Personal information
- Full name: Simon Jonathan Birtwisle
- Born: 24 July 1979 (age 47) Sunderland, County Durham, England
- Batting: Right-handed
- Bowling: Slow left-arm orthodox
- Relations: Peter Birtwisle (father)

Domestic team information
- 2006–2007: Northumberland
- 2002–2003: Durham Cricket Board
- 2000–2001: Northumberland

Career statistics
| Competition | LA |
| Matches | 2 |
| Runs scored | 35 |
| Batting average | 17.50 |
| 100s/50s | –/– |
| Top score | 32 |
| Balls bowled | – |
| Wickets | – |
| Bowling average | – |
| 5 wickets in innings | – |
| 10 wickets in match | – |
| Best bowling | – |
| Catches/stumpings | 1/– |
- Source: Cricinfo, 6 November 2010

= Simon Birtwisle =

English cricketer

Simon Jonathan Birtwisle (born 24 July 1979) is an English cricketer. Birtwisle is a right-handed batsman who bowls slow left-arm orthodox. He was born in Sunderland, County Durham.
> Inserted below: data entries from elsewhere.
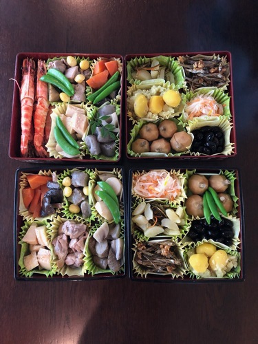 正月(しょうがつ)家族(かぞく)でおせち料理(りょうり)(た)べます。毎年(まいとし)(わたし)(つく)ります。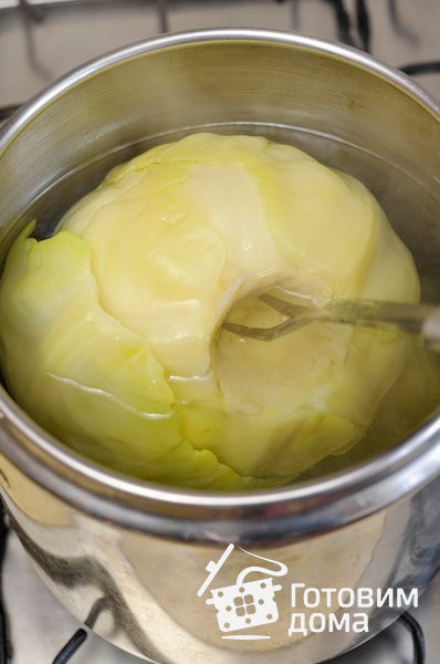 轻轻地(以免烧伤自己)将头从锅中取出,并分离上部的弹性叶子。 将白菜放回锅中,再次煮至变软。 建议不要长时间离开卷心菜的头部,以免叶子煮得太熟而变得太软。 因此,煮沸头直到可以从中分离出大片叶子。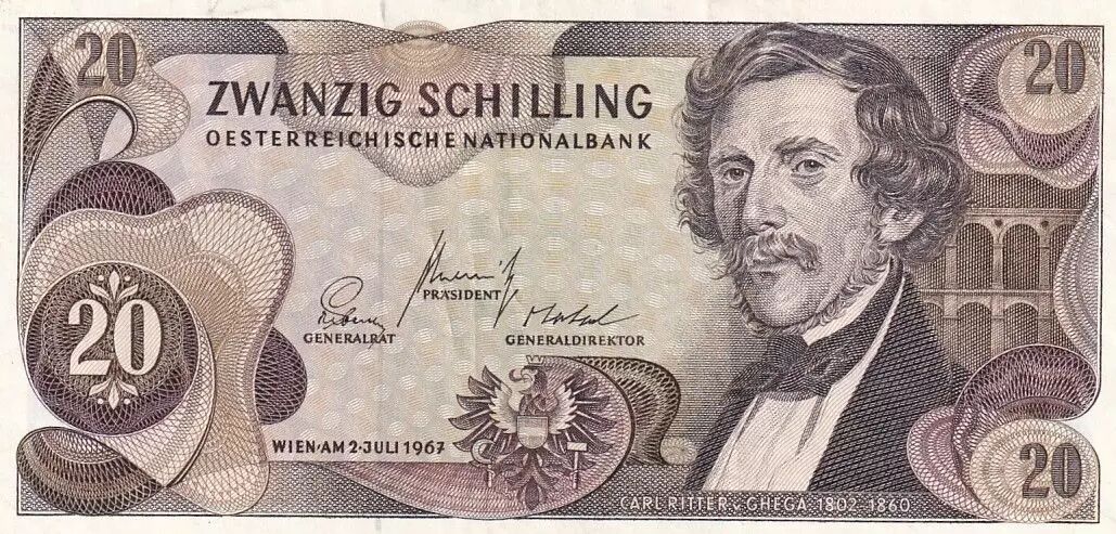 Banknote Austria 20 schilling - Carl Ritter - Serial NU - 1967 - P.142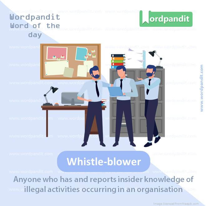 Meaning: Anyone who has and reports insider knowledge of illegal activities occurring in an organisation.

Birtwisle made his debut in County Cricket for Northumberland in 2000, making his debut in the Minor Counties Championship against Bedfordshire. From 2000 to 2001, he represented the county in 5 Championship matches, the last of which came against Suffolk. During his first stint at the county, he also played 3 MCCA Knockout Trophy matches.

Birtwisle later represented the Durham Cricket Board in 2 List A matches against Herefordshire in the 2nd round of the 2003 Cheltenham & Gloucester Trophy which was played in 2002 and Glamorgan in 3rd round of the same competition which was played in 2003. In his 2 List A matches, he scored 35 runs at a batting average of 17.50, with a high score of 32. In the field he took a single catch.

In 2006, he rejoined Northumberland for a second stint with the county. His first return match came against Shropshire in the MCCA Knockout Trophy. From 2006 to 2007, he represented the county in 6 Trophy matches, the last of which came against Norfolk.

He currently plays club cricket for Chester-le-Street Cricket Club in the North East Premier League.

==Family==
His father, Peter, played List A and Minor counties cricket for Durham, as well as List A cricket for Minor Counties East.